_Activity_
Please copy the lines below, exactly as they are, from the one with "- Hardware: Metal" through the one with "- Chụp đèn với", and leave out the pictures.

"""

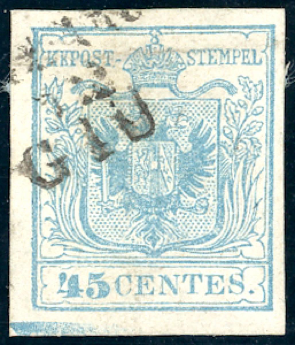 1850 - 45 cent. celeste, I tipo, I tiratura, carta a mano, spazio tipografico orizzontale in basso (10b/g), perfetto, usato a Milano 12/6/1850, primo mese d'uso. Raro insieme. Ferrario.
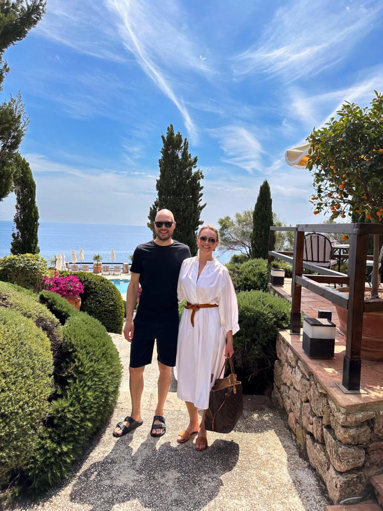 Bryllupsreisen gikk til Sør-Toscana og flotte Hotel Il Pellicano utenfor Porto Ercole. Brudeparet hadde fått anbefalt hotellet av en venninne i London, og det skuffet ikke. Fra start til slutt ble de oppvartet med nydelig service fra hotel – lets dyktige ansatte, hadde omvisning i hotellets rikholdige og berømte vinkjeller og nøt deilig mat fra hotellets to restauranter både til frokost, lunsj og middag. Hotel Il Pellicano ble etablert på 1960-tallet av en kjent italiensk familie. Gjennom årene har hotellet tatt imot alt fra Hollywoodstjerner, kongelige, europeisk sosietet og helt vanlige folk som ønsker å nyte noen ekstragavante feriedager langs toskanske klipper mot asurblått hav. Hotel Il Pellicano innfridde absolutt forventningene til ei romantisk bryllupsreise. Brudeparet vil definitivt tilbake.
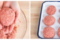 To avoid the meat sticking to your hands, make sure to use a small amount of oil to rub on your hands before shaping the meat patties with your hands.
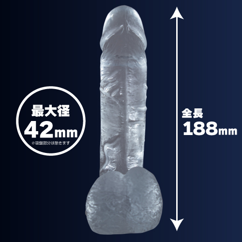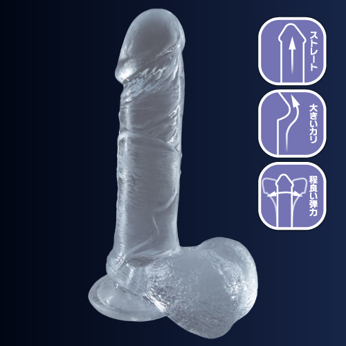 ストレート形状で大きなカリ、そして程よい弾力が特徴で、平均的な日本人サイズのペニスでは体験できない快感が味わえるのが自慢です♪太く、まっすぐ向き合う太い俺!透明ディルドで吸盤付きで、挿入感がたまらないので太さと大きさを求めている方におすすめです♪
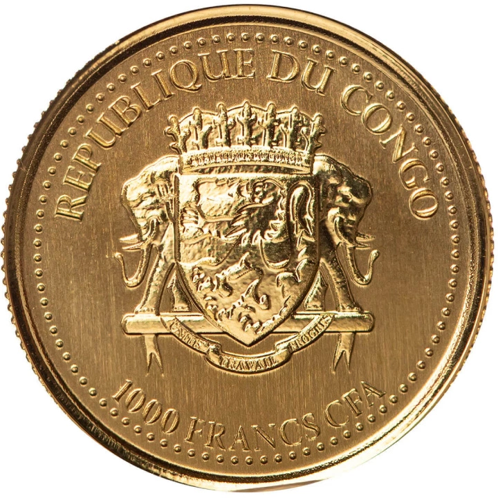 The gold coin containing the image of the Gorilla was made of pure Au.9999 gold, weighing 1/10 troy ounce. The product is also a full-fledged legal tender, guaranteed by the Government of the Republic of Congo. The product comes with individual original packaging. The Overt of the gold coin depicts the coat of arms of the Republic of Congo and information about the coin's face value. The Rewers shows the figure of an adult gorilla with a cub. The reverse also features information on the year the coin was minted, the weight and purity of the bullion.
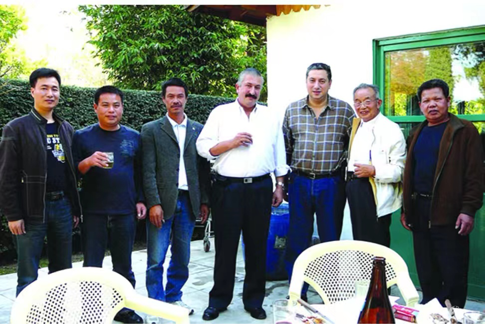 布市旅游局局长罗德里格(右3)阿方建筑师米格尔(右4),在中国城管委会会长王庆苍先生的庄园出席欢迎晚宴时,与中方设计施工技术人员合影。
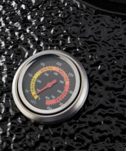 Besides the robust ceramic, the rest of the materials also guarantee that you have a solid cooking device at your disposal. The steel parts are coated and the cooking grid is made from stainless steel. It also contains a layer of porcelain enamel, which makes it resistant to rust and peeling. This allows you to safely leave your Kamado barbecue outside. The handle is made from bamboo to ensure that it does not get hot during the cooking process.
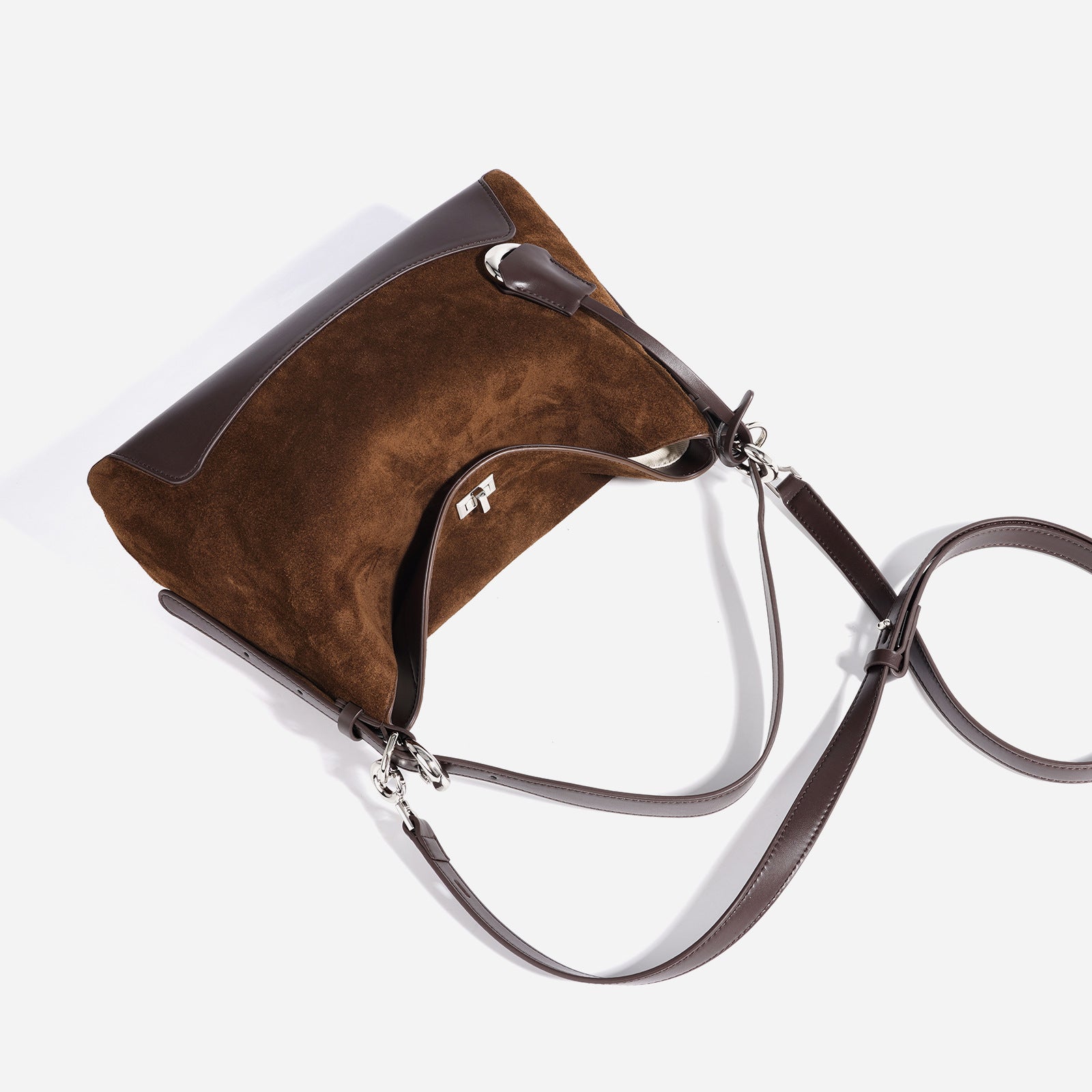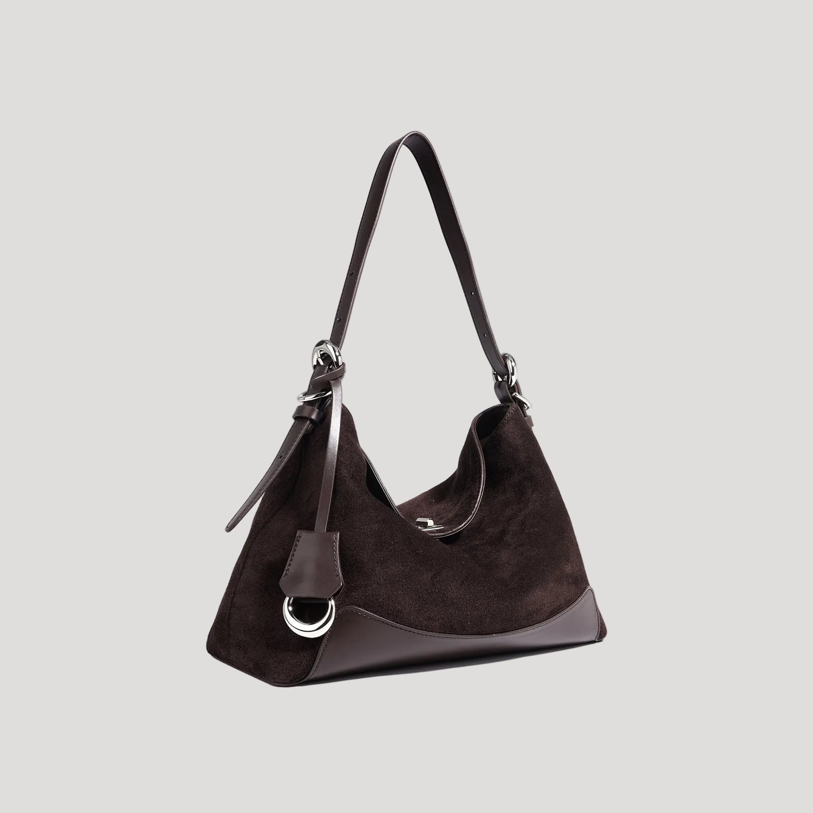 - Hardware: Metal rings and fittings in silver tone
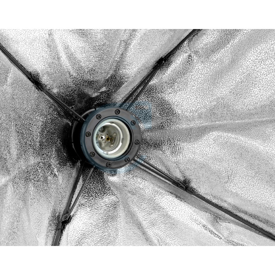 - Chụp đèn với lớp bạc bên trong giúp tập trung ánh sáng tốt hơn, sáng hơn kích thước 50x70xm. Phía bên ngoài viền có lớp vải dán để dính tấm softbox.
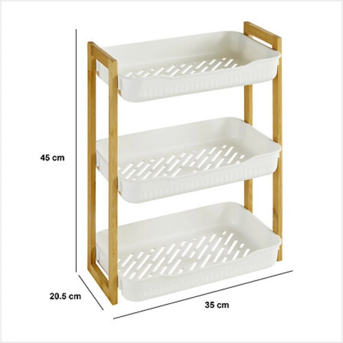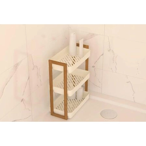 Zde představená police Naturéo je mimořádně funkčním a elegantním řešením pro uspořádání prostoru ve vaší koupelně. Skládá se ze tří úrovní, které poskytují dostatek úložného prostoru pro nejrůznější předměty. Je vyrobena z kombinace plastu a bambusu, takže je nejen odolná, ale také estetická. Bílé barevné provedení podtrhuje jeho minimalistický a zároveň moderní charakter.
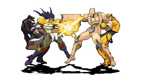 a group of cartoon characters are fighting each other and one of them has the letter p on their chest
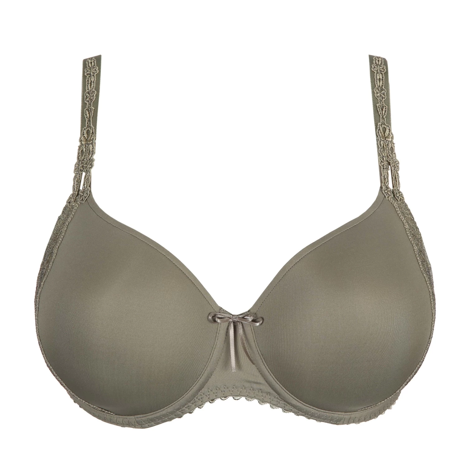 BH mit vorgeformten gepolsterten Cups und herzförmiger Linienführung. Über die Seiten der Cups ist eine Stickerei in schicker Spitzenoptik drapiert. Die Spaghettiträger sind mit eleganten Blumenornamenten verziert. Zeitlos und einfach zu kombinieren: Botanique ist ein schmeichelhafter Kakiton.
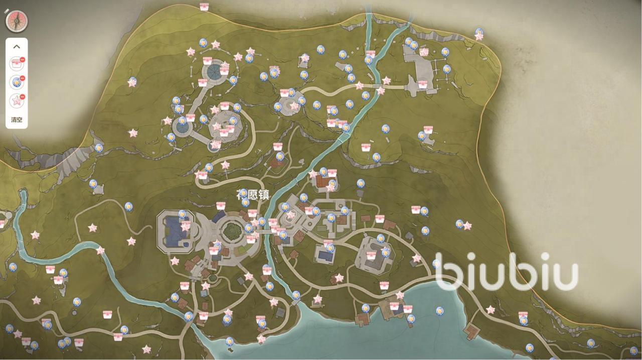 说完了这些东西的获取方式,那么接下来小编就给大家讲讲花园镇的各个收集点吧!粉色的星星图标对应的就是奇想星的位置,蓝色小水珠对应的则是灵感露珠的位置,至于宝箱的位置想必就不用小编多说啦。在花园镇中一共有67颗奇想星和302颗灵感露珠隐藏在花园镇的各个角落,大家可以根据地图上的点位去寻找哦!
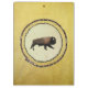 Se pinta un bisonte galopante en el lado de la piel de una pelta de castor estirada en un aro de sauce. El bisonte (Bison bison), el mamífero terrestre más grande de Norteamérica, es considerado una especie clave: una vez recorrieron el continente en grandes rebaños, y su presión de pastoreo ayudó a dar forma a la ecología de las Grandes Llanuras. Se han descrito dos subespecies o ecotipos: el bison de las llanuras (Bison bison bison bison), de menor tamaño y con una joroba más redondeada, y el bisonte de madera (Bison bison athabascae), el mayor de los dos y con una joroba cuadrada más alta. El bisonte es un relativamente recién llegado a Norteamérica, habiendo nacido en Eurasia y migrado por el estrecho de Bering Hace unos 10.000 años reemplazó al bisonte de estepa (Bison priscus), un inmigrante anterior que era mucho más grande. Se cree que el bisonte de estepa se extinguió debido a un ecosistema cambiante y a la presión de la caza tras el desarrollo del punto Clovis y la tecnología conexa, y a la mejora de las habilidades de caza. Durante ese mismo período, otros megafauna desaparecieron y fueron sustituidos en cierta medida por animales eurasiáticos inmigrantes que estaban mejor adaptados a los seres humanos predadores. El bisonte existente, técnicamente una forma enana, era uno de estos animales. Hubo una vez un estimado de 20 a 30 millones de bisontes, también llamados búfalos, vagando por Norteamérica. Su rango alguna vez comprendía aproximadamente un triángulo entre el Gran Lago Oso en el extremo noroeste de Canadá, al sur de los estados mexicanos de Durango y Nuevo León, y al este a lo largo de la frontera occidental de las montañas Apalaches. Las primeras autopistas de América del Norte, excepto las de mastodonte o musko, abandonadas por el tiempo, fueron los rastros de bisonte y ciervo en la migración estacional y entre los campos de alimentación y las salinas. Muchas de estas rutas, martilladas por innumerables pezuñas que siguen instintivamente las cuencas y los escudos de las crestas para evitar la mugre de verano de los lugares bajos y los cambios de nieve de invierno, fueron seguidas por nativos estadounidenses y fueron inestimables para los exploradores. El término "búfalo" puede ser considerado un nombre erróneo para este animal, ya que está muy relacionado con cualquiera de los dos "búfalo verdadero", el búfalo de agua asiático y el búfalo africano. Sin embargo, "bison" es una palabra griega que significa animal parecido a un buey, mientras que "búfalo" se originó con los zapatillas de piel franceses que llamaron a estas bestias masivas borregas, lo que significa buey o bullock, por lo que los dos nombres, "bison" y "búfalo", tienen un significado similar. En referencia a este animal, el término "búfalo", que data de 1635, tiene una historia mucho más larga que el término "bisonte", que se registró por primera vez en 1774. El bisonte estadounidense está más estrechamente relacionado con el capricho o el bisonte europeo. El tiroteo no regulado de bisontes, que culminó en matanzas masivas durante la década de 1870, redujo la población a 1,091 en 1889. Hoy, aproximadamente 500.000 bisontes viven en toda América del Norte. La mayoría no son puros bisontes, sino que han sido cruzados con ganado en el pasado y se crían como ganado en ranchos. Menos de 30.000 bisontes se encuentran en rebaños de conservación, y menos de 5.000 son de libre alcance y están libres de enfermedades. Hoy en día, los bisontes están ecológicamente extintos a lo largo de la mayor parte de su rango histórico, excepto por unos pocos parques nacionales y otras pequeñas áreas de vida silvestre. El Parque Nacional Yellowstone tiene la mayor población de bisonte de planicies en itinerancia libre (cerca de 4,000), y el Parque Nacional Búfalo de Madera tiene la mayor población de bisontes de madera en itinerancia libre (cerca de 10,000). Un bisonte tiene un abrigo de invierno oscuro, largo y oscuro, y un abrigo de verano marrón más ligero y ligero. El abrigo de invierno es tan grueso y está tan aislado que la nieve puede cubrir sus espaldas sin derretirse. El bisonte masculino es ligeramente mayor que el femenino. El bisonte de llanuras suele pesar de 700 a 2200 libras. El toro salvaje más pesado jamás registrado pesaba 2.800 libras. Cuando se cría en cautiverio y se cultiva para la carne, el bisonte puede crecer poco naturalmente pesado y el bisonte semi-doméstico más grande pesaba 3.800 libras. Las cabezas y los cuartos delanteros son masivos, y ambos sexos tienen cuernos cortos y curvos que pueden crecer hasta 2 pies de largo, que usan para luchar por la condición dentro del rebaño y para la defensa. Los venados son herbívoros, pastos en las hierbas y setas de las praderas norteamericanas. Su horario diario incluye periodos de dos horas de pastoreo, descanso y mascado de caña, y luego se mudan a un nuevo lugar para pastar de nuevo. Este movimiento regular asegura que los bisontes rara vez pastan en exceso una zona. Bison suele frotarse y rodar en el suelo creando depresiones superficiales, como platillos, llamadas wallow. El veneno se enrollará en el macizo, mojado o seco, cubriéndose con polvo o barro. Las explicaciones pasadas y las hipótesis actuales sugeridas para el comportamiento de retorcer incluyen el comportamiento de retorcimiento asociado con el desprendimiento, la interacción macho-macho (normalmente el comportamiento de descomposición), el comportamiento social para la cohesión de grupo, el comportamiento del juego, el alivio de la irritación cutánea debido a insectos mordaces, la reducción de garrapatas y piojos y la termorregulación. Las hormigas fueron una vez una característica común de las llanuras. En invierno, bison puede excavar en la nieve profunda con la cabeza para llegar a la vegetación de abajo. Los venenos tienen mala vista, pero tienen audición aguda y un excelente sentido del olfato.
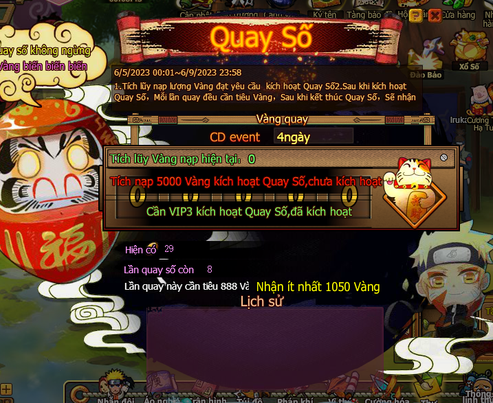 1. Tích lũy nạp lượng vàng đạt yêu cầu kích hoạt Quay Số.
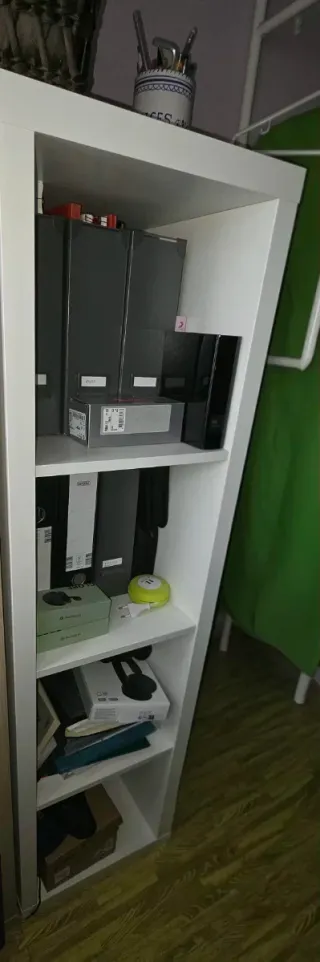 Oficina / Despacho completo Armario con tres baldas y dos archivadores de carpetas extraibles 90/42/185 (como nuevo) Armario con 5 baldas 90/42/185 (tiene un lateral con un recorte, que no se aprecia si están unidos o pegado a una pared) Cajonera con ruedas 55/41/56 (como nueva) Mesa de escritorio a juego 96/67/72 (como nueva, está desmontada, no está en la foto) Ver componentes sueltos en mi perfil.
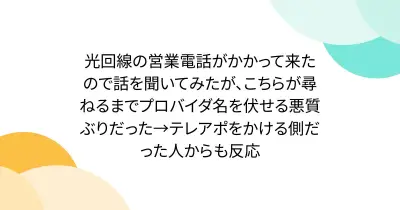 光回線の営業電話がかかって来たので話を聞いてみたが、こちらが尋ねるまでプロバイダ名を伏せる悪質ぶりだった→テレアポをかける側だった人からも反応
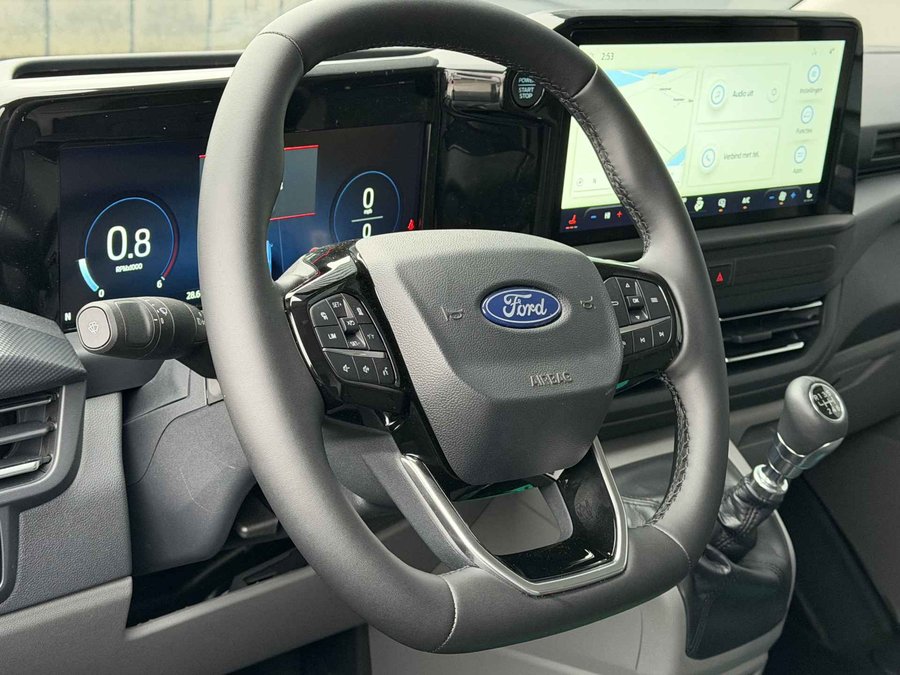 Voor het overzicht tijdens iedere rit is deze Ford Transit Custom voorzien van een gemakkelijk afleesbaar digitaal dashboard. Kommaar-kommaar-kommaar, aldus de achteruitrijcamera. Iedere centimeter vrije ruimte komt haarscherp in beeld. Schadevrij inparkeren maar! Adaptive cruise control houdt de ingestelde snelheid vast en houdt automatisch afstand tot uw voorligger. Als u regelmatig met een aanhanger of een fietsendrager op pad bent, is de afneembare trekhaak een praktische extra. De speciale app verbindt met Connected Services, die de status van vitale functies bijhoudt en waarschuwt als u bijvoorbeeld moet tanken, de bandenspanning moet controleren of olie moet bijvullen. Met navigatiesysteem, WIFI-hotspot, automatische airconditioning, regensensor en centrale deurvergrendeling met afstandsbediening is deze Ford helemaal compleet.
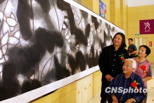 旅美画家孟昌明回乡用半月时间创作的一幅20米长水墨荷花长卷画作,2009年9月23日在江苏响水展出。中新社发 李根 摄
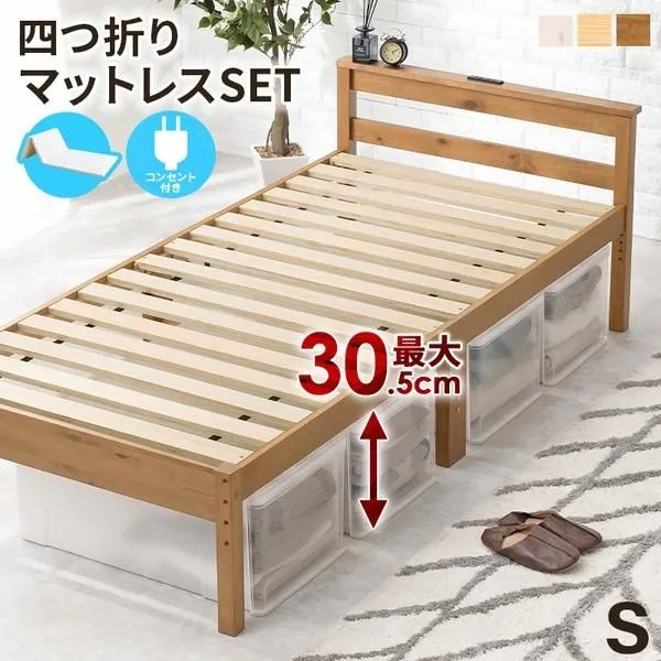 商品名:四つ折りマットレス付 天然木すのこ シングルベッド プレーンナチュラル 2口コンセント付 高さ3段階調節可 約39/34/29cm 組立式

"""

_Exercise output_
 - Hardware: Metal rings and fittings in silver tone
 - Chụp đèn với lớp bạc bên trong giúp tập trung ánh sáng tốt hơn, sáng hơn kích thước 50x70xm. Phía bên ngoài viền có lớp vải dán để dính tấm softbox.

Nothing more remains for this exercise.